A200 LCAW (Low Cost Antisubmarine Weapon) is a miniature torpedo developed by Whitehead Alenia Sistemi Subacquei S.p.A. (WASS).

==Description==
The LCAW is a miniature active-sonar homing torpedo originally developed to assist in the classification of targets. In order to deal with a potentially hostile submarine target, either a depth charge or a torpedo would be launched at it, either to kill it or cause it to flee, thus confirming it as a hostile submarine. With the obsolescence of conventional depth charges and the high cost of homing torpedoes, an intermediate solution was developed. The LCAW is intended to fill the gap between conventional depth charge and torpedoes, in the area where depth charges lack propulsion and guidance, while the cost of conventional torpedoes is increasingly becoming prohibitive. The program initially began in 1987, and was completed in 1992. In 1993, the weapon was adopted by Germany and Norway for their low cost antisubmarine weaponry program when the LCAW proved to meet the German and Norwegian requirement of a maximal underwater attack range of 500 m from the point of entry into the water. Norway subsequently developed its own upgraded variant.

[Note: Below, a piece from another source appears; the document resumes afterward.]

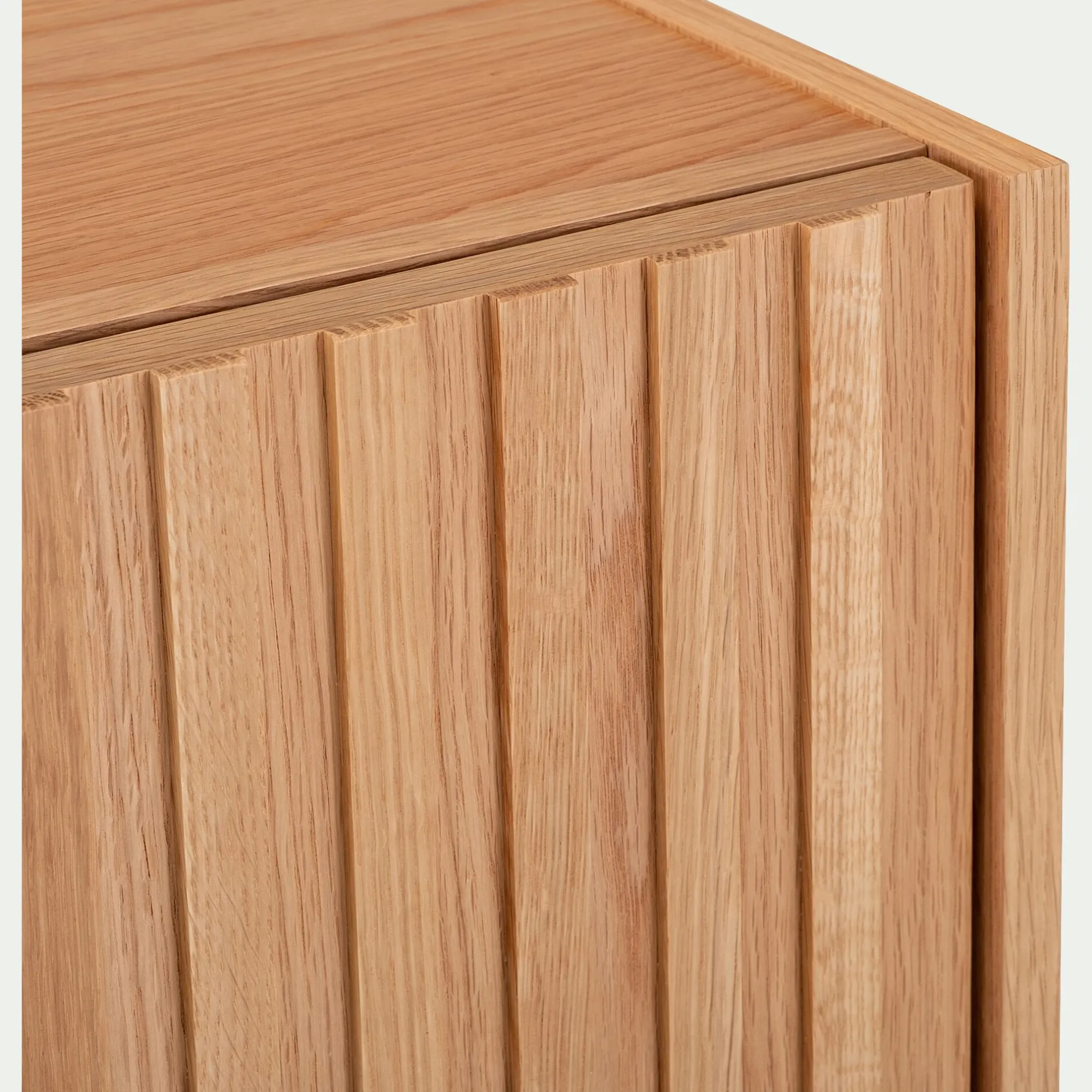 Le buffet Feve se joue des codes établis. Son mélange entre style urbain et authentique, mêlant graphisme et modularité en fait un meuble audacieux. Le placage chêne de sa structure lui donne un aspect chaleureux et authentique. Quatre portes en bois battantes laissent apparaître de spacieux rangements dans lesquels vous pourrez disposer vos livres, vos appareils électroniques et autres objets du quotidien. Un meuble de salon au design épuré qui s’intégrera dans un intérieur où les matières nobles et naturelles ont la part belle.
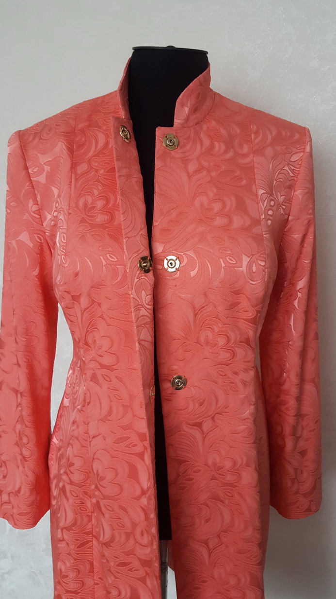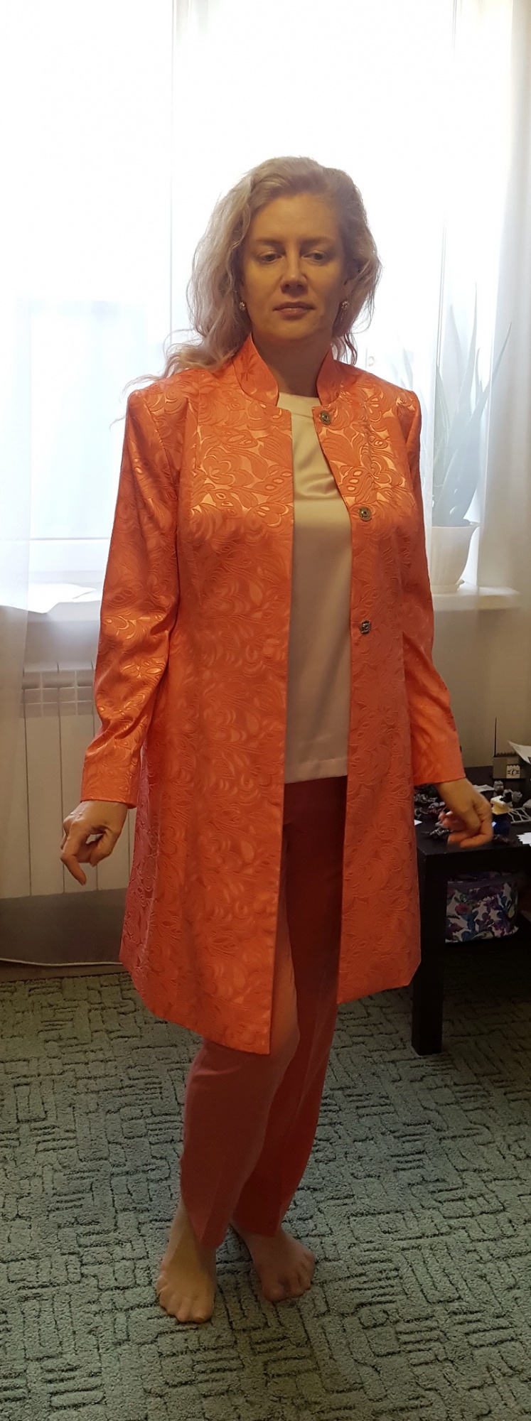 OmeLa Опубликовано 2 мая, 2020 Автор Поделиться #2486 Опубликовано 2 мая, 2020 Я с новым показом.Это капсульный заказ. Небольшая капсула.Это наряд для мамы невесты. Выход планируется в трех образах.В этот раз я не участвовала в закупке ткани. Это полностью заслуга клиентки. Был выбран корраловых оттенков цветовое направление. Жакет-тренч.Очень приятный глазу, и даже светотерапия, жаккард с односторонним принтом и изумительного качества, послушный во всем. Шилось масло масленное. Жакет у нас классический, приталеный, рельефы вдоль, на стойке, с застежкой на кнопки и разрезы по бокам от бедра. Подклад шелк, он капризуля, но усмирен. Конечно же пришлось подбирать рисунок, отменно поиграла в пасьянс. Пришлось на это большего расхода ткани. Рисунок удалось сцентрировать по застежке.Клиентка поклонница восточного стила в гардеробе, поэтому мы ввели разрезы по бокам.При всей простате жакет шила долго, подгоняя каждый узел стыкуя шелк ползучий и жаккард. Главное не то что хочешь, не то что делаешь, а то что получаешь в итоге. Ссылка на сообщение Поделиться на другие сайты Поделиться

In addition to regular deployment, LCAW is also used by Italian naval special forces. The air-dropped version is deployed from NATO standard size A aerial sonobuoy dispensers; moving aircraft can deploy it from an altitude between 45-600 m and at aircraft speeds of 50-200 kn, and helicopters can additionally deploy it while hovering at altitudes of as little as 15 m. This allows a single ASW aircraft to carry a considerable number of units. The weapon is primarily designed to engage targets in shallow water, especially midget submarines, diver propulsion vehicles, human torpedoes, sabotage or espionage-related equipment hauled by frogmen, and other hostile entities engaged in underwater special operations.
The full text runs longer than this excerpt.